**Input records:**
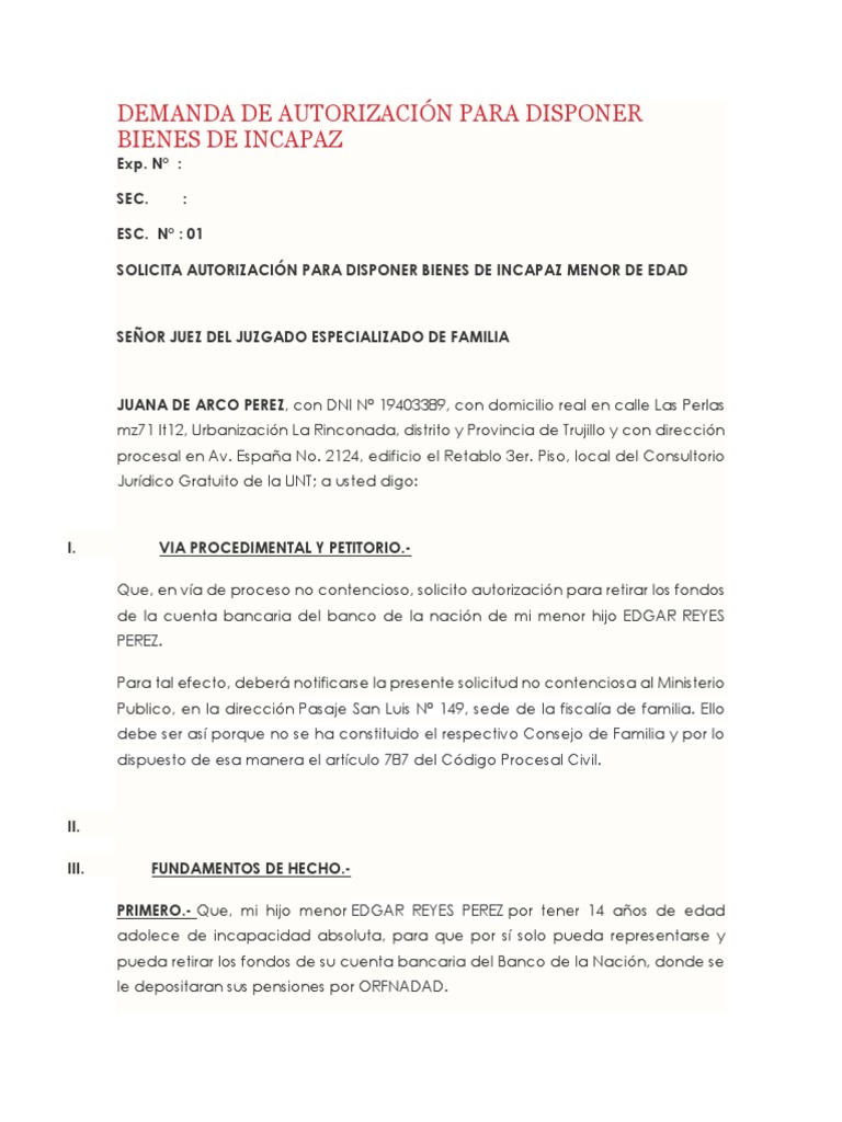 Demanda de Autorización Para Disponer Bienes de Incapaz Demanda judicial Ley procesal
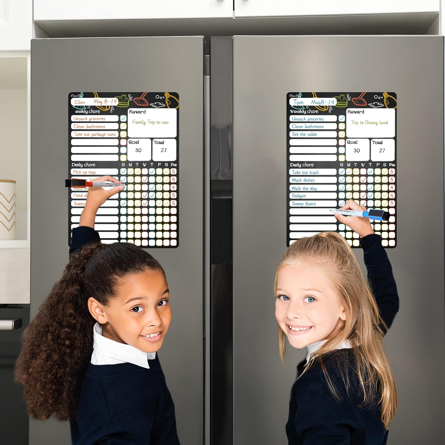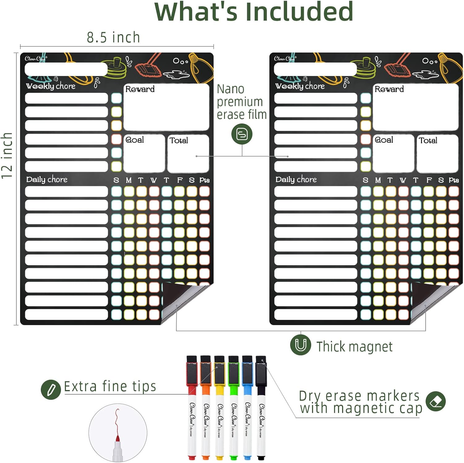 - MAGNETIC CHORE CHART - We all know it's important to teach your kids to share responsibilities. Our 8.5"x12" fridge chore chart is a great tool to help you do this. Set up a reward as a visual motivation for your kids to encourage them to do chores.
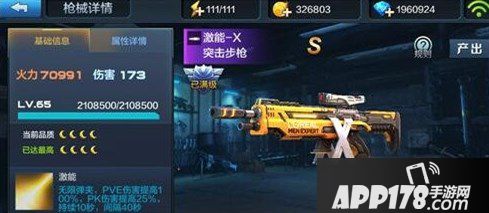 激能-X是唯一一把无限精准和没有后坐力的枪械,同样也是唯一一把可以在10秒内无限弹夹的枪械,不过虽然火力有8.6W伤害不过PVE的伤害没有8.5W的G36E要高,毕竟精准和弹夹的优势太大,伤害上自然低于其他突击步枪。
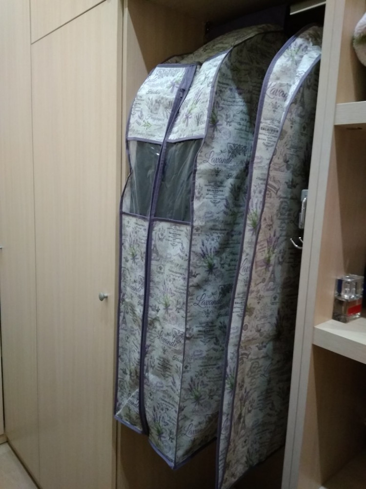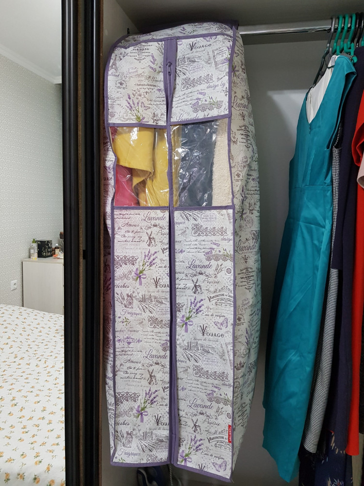 Очень понравился чехол, в него вместилось довольно много трикотажных вещей, которые необходимо убрать на лето. Удобная вешалка. Застегивается на липучку - не будет попадать пыль. И приятный внешний вид. Рекомендую.
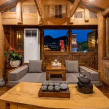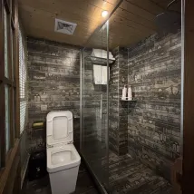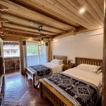 La chambre que j'occupais était tout aussi incroyable. Sa structure en bois lui conférait une atmosphère chaleureuse et élégante. La vue nocturne depuis la fenêtre était à couper le souffle, et prendre le thé en admirant le paysage, c'était d'un pur bonheur 🍵. L'établissement propose une grande variété de chambres – simples, doubles, ou suites – pour satisfaire tous les besoins. Les tarifs sont clairement indiqués sur des panneaux en bois, ce qui est très transparent.
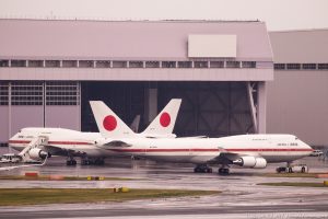 桜が満開の週末はあいにくの天気だった 雨雲予報をみれば夕刻に僅かながら雲が割れそうな気配を感じて羽田へ すると政府専用機が2機とも停泊しているのが見えた こんな日は夜になってからのライティングがいい
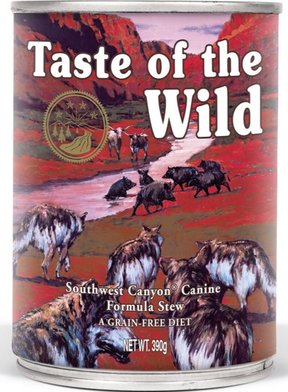Taste of the Wild konzerva Southwest Canyon 390 g je kompletní mokré krmivo pro psy všech plemen, které díky vysokému podílu masa a vyváženému složení podporuje zdraví a vitalitu vašeho mazlíčka.
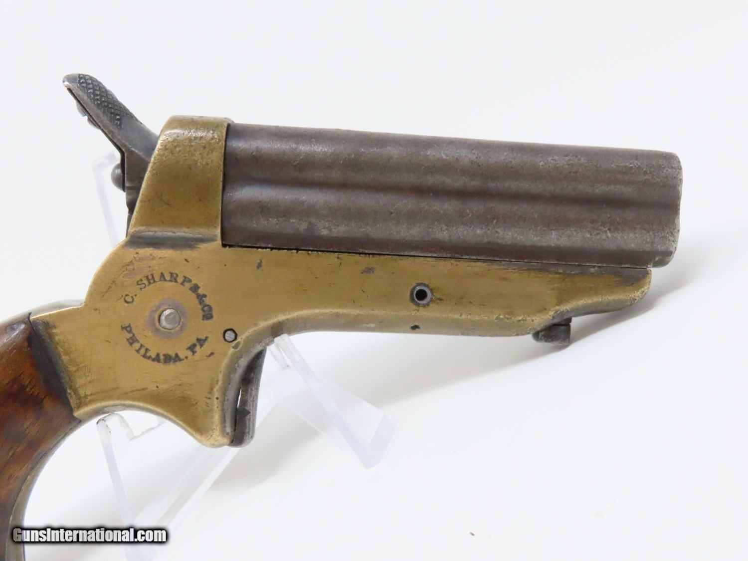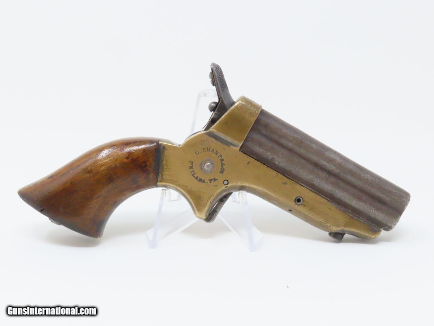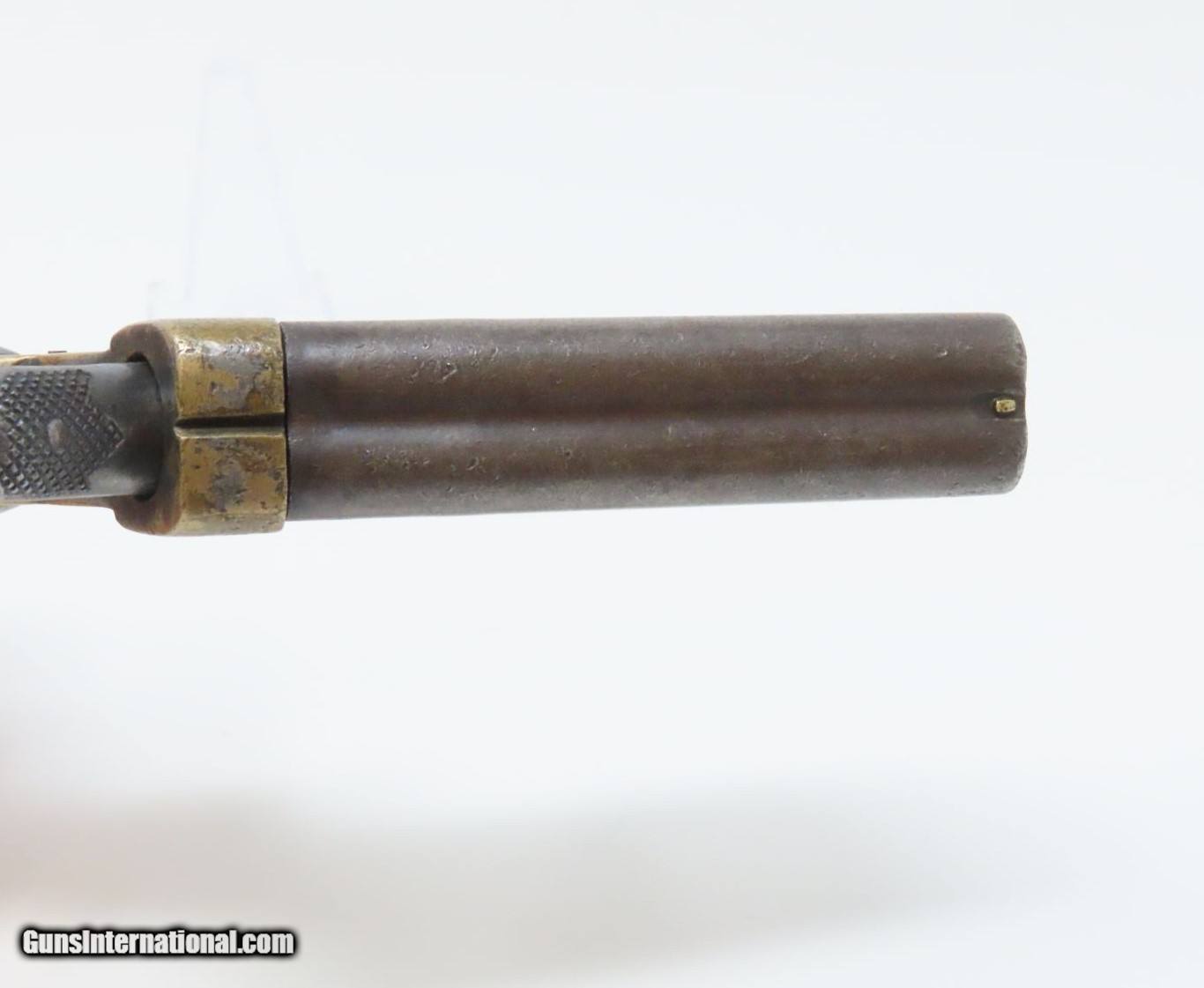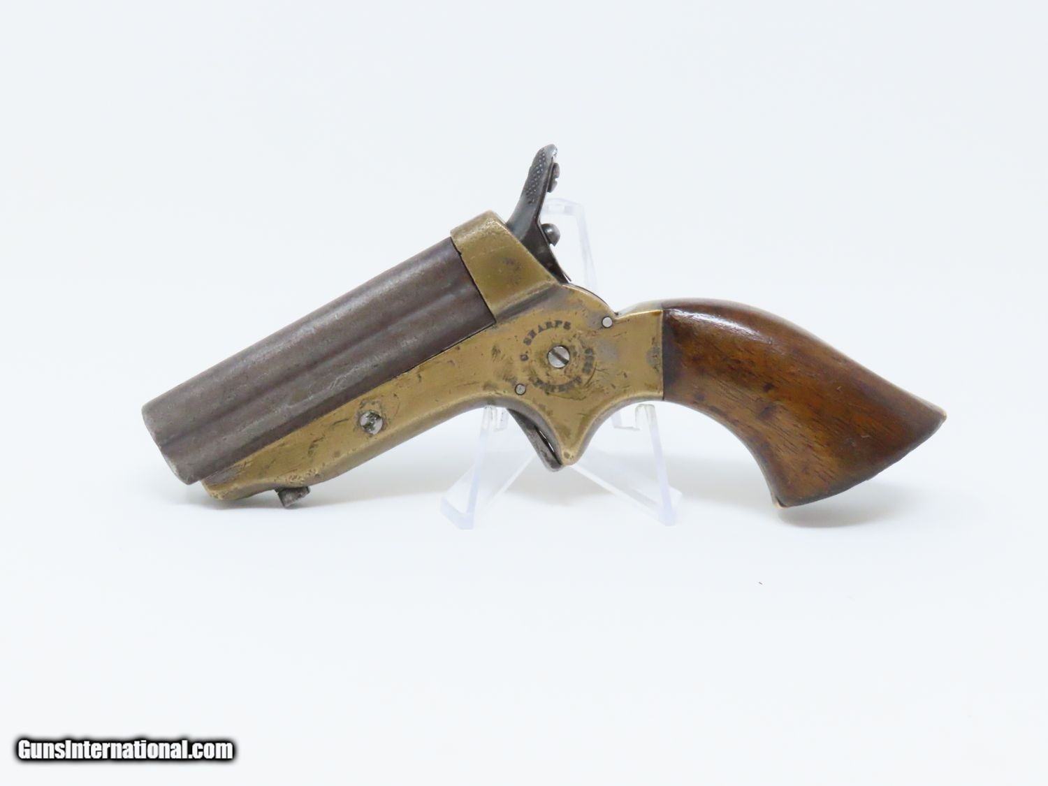 4-Shot 1860s Antique CHRISTIAN SHARPS .22 Caliber Rimfire PEPPERBOX Pistol With Unique Revolving Firing Pin!
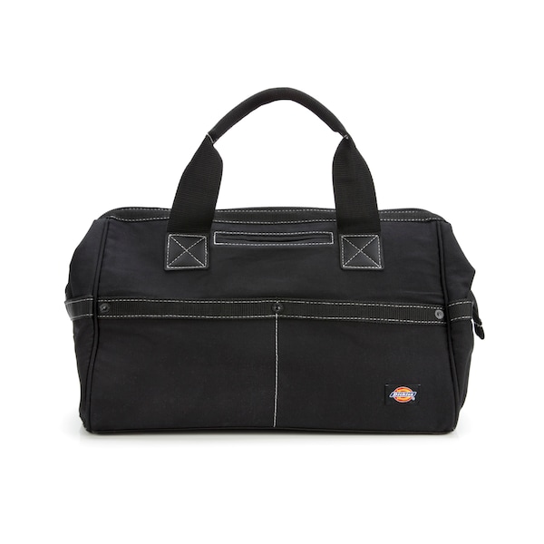 When you put the Dickies 57085 to the test, you’ll never be disappointed with the results! Constructed of durable black canvas, this tool/work bag features a large main compartment for easy access to your tools, accessories and can hold a variety of supplies. On the exterior, there are 6 webbing and rivet reinforced pouch pockets and a smaller accessory slip pocket. Durable piping along the seams allows the bag to handle more wear and tear from normal use. The heavy-duty zipper closure secures your tools in place when you’re ready to pack up, and padding lined stitched handles provides for comfort when transporting.

**Task to carry out:** Return only the lines running from the top of the data to the line that holds "激能-X是唯一一把无限精准和". Include both of those lines, but skip the pictures.

**Output of the exercise:**
 Demanda de Autorización Para Disponer Bienes de Incapaz Demanda judicial Ley procesal
 - MAGNETIC CHORE CHART - We all know it's important to teach your kids to share responsibilities. Our 8.5"x12" fridge chore chart is a great tool to help you do this. Set up a reward as a visual motivation for your kids to encourage them to do chores.
 激能-X是唯一一把无限精准和没有后坐力的枪械,同样也是唯一一把可以在10秒内无限弹夹的枪械,不过虽然火力有8.6W伤害不过PVE的伤害没有8.5W的G36E要高,毕竟精准和弹夹的优势太大,伤害上自然低于其他突击步枪。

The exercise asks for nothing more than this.